# [solved] mount cannot read superblock of raid device

## majoron

Hello,

I have a problem with a raid6 (done by hardware). After changing one disk, that was having a lot of SMART warnings, the controller rebuilt the raid and according to it everything is fine.

However, when I try to mount the partition it complains:

```
# mount /dev/sdc 

mount: /dev/sdc: can't read superblock
```

and kern.log says:

```
Mar 28 15:20:14 localhost kernel: [19771.776731] XFS mounting filesystem sdc

Mar 28 15:20:14 localhost kernel: [19771.805883] Starting XFS recovery on filesystem: sdc (logdev: internal)

Mar 28 15:20:14 localhost kernel: [19771.850390] sd 8:0:0:0: [sdc] Result: hostbyte=DID_OK driverbyte=DRIVER_SENSE,SUGGEST_OK

Mar 28 15:20:14 localhost kernel: [19771.850395] sd 8:0:0:0: [sdc] Sense Key : Hardware Error [current] 

Mar 28 15:20:14 localhost kernel: [19771.850400] sd 8:0:0:0: [sdc] Add. Sense: Internal target failure

Mar 28 15:20:14 localhost kernel: [19771.850406] end_request: I/O error, dev sdc, sector 873024

Mar 28 15:20:14 localhost kernel: [19771.850426] I/O error in filesystem ("sdc") meta-data dev sdc block 0xd5240       ("xlog_recover_do..(read#2)") error 5 buf count 8192

Mar 28 15:20:14 localhost kernel: [19771.850440] XFS: log mount/recovery failed: error 5

Mar 28 15:20:14 localhost kernel: [19771.850586] XFS: log mount failed
```

Some things I tried:

1) 

```
# xfs_check /dev/sdc

ERROR: The filesystem has valuable metadata changes in a log which needs to

be replayed.  Mount the filesystem to replay the log, and unmount it before

re-running xfs_check.  If you are unable to mount the filesystem, then use

the xfs_repair -L option to destroy the log and attempt a repair.

Note that destroying the log may cause corruption -- please attempt a mount

of the filesystem before doing this.
```

of course mount doesn't work, by definition of the problem  :Wink: 

2) So I tried what the last command suggests (adding -n, just to see)

```
# xfs_repair -L -n /dev/sdc

Phase 1 - find and verify superblock...

Phase 2 - using internal log

        - scan filesystem freespace and inode maps...

xfs_repair: read failed: Input/output error

fatal error -- can't read btree block 0/108822
```

No luck yet  :Sad: 

3) I opened it with parted:

```
# parted /dev/sdc

Warning: Could not determine physical sector size for /dev/sdc.           

Using the logical sector size (512).

GNU Parted 2.3

Using /dev/sdc

Welcome to GNU Parted! Type 'help' to view a list of commands.

(parted) print                                                            

Error: partition length of 42953867264 sectors exceeds the loop-partition-table-imposed maximum of 4294967295
```

It's using 512 byte sector, but it is GPT!!

I thought that perhaps I should set the label with parted to gpt (it was before, but obviously it is no longer the case).

However the documentation of parted says that this command (mklabel gpt) will cause that my data is unusable and I will need to rescue the data, but no warranties are given about it...

So, I'm a bit lost.

Does anyone have an idea about how to mount the disk without data loss??

TIA,

Regards

Some specs:

24x1TB disks

Adaptec 52445

xfs file system

----------

## majoron

No one?   :Sad: 

----------

## Goverp

FWIW, and it's not much, it looks like your hardware RAID was lying when it said it rebuilt the array.  Personally, I've suffered neither failure of a normal drive nor a RAID array, so I can't help you with recovering data.  

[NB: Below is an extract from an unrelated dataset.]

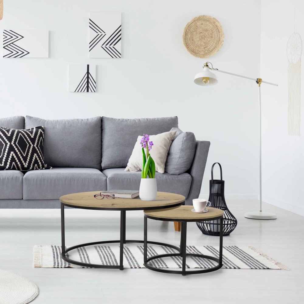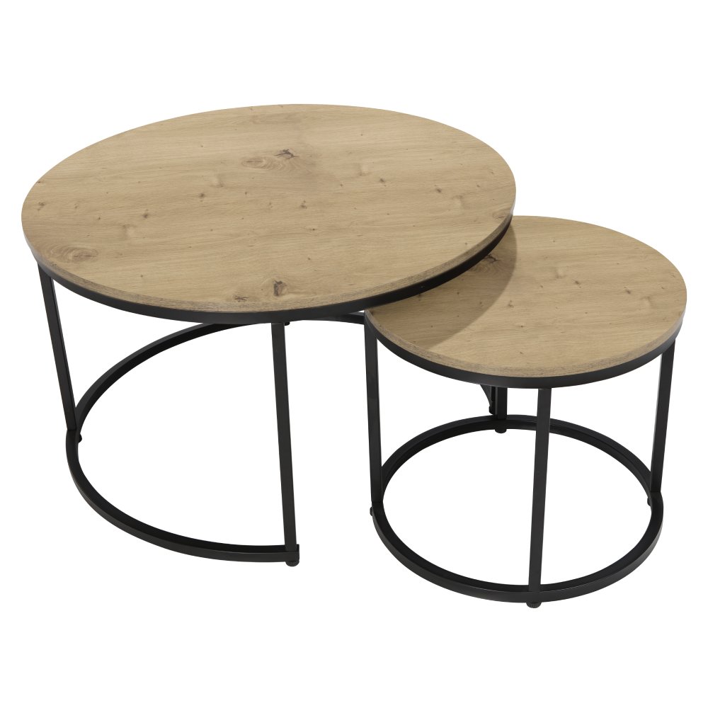 KONDELA Konferenčné stolíky, set 2 ks, dub/čierna, CIRKO

Your kernel log says there are hardware IO errors.  Is that on the disk that was rebuilt, or another disk?  One well-known possibility is that you bought all your drives at the same time, and therefore they have had the same usage and came from the same manufacturer's batch, That makes them likely to start failing at the same time.  If you get that, when one disk has an unreadable areas and causes you to rebuild the array, you discover that rarely-used areas of other disks are also unreadable, and the recovery dies a painful death.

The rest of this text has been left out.